● **Goal of the exercise**
Below are entries. Reproduce exactly the lines between the line holding "Заливаем форму с" and the line holding "Hit the road", inclusive, and only those.

● **Information supplied**
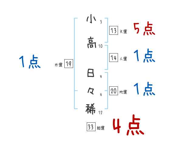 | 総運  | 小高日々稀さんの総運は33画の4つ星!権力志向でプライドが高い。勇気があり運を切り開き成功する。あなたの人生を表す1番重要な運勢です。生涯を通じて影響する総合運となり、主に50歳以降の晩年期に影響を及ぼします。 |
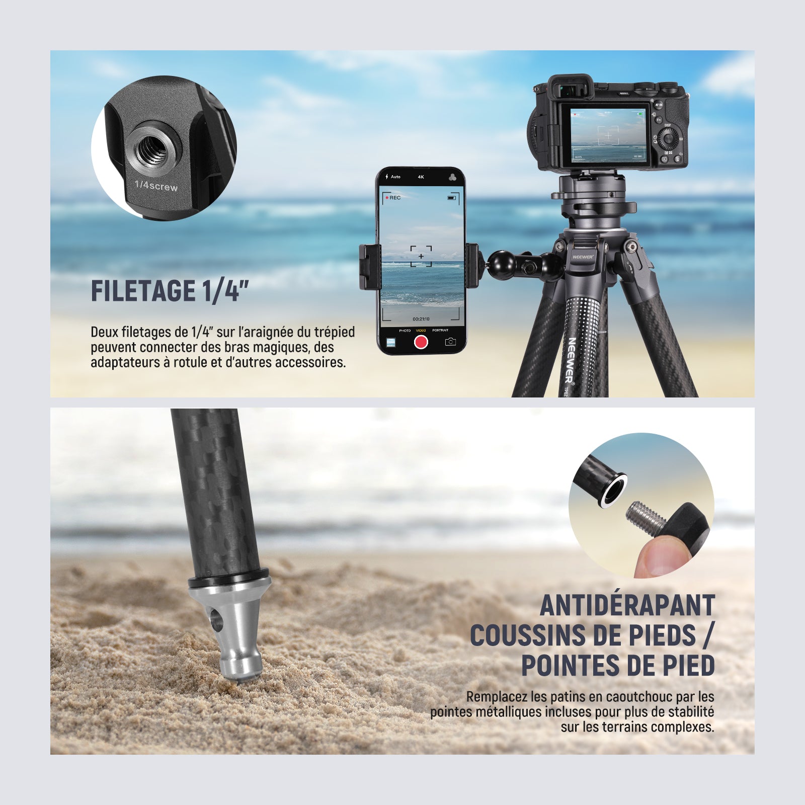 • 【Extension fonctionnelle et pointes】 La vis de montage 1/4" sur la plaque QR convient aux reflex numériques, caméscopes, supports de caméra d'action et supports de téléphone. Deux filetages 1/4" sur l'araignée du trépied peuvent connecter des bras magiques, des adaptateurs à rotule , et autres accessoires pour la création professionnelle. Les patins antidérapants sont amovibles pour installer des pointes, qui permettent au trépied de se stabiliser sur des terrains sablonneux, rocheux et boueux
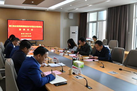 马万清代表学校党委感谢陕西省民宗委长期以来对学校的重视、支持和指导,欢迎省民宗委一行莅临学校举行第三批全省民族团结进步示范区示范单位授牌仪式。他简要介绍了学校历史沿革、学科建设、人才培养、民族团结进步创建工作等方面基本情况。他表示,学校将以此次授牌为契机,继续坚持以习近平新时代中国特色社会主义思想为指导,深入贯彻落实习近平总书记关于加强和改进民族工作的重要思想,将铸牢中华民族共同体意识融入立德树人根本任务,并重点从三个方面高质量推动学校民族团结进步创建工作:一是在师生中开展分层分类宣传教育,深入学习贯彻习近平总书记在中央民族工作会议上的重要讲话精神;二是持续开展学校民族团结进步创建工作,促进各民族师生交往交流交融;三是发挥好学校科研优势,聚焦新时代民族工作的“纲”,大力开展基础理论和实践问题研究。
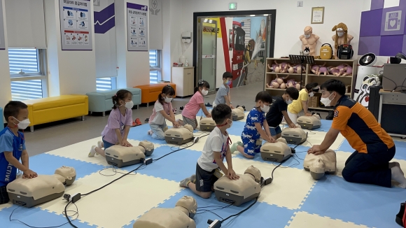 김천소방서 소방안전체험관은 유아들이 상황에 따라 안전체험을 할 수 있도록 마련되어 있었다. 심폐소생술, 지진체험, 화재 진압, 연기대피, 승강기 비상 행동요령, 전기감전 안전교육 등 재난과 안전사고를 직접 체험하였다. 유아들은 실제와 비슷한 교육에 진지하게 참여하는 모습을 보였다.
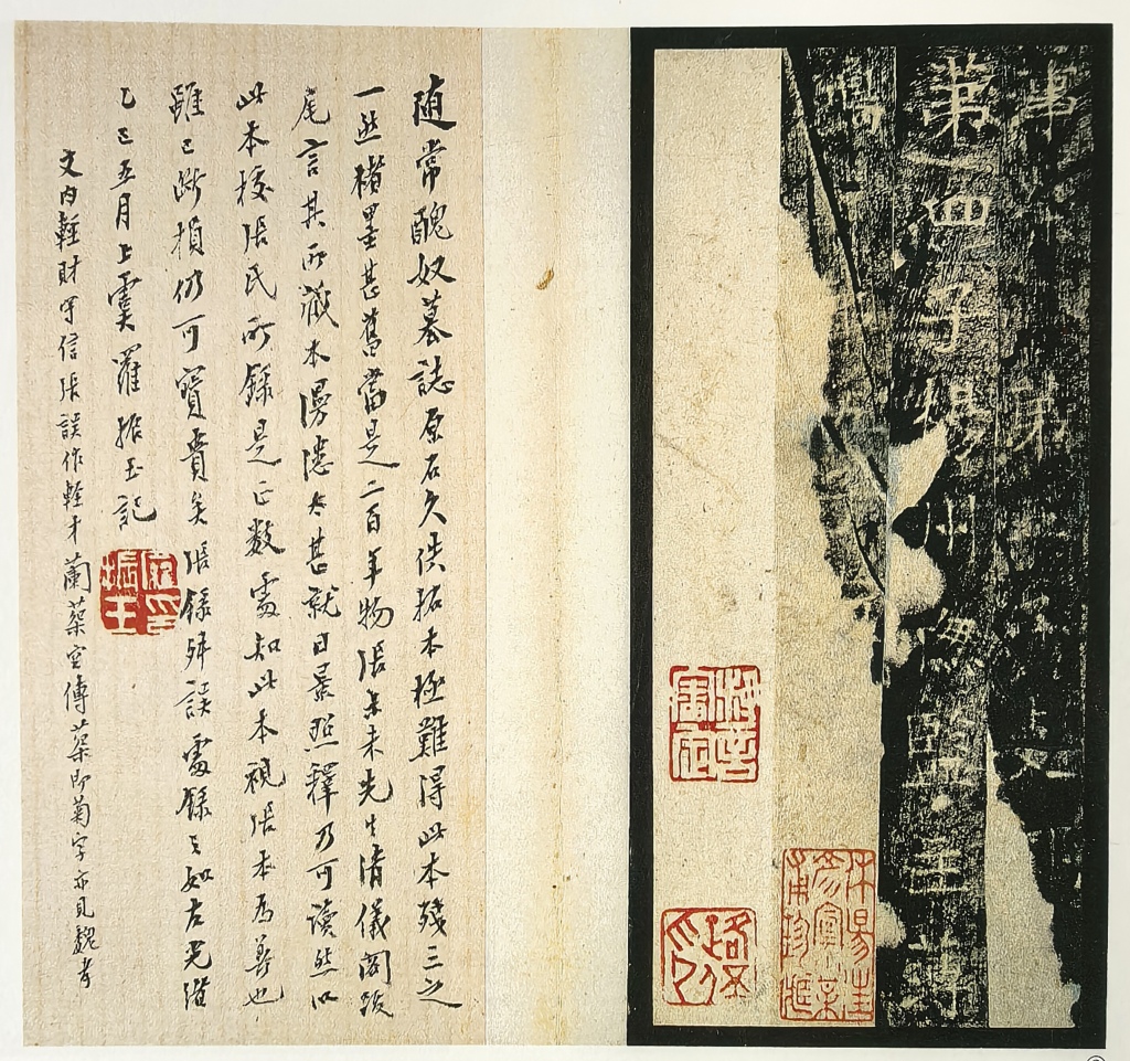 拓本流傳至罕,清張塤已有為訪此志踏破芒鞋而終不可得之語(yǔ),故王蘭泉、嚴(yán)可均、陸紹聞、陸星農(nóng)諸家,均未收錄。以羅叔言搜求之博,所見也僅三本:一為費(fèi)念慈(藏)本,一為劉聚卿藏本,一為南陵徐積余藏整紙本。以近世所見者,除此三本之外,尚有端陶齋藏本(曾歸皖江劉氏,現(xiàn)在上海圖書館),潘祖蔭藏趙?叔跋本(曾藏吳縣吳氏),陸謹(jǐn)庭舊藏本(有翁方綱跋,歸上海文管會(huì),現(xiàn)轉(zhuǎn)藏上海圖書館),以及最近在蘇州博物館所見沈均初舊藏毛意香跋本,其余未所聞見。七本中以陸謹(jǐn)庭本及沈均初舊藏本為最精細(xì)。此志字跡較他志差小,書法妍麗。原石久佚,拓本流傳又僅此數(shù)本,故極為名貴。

* * *

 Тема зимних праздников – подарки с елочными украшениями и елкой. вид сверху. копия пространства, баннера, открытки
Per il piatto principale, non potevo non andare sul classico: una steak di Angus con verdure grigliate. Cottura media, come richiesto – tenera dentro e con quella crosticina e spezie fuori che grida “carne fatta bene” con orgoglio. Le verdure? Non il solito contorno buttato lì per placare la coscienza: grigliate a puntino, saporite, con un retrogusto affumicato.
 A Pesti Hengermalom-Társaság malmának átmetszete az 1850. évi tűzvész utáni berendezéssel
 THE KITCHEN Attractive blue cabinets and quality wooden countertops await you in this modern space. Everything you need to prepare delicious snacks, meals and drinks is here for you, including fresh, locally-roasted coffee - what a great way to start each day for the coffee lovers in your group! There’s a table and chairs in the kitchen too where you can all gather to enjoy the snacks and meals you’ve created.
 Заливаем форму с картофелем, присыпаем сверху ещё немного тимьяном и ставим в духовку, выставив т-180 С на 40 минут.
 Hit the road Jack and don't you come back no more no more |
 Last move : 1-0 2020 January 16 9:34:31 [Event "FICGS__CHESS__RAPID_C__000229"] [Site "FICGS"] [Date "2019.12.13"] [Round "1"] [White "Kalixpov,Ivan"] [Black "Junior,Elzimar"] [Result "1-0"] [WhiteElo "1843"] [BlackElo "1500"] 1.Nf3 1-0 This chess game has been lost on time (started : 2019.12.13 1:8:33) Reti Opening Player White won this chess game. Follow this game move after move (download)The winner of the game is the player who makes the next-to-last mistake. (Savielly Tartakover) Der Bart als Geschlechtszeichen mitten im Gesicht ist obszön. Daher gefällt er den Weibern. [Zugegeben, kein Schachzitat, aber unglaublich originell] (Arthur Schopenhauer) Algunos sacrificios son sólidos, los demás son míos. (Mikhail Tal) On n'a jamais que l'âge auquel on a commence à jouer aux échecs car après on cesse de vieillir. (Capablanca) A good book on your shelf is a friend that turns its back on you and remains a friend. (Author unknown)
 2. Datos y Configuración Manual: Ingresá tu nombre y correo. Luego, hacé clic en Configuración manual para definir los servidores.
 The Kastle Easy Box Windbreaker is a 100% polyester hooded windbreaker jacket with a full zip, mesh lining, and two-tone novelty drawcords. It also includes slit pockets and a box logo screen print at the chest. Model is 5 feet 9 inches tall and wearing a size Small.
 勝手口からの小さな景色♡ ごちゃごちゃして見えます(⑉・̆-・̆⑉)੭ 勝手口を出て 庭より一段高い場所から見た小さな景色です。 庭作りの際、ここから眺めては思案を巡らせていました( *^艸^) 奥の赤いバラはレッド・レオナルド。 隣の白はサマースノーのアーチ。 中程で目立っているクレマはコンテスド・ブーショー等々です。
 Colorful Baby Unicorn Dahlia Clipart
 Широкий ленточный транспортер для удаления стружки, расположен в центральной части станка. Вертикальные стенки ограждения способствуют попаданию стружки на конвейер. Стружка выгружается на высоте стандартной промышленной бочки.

==

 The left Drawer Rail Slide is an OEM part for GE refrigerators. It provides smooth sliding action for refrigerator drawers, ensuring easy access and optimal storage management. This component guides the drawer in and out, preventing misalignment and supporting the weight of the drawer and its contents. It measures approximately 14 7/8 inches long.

● **Written answer**
 Заливаем форму с картофелем, присыпаем сверху ещё немного тимьяном и ставим в духовку, выставив т-180 С на 40 минут.
 Hit the road Jack and don't you come back no more no more |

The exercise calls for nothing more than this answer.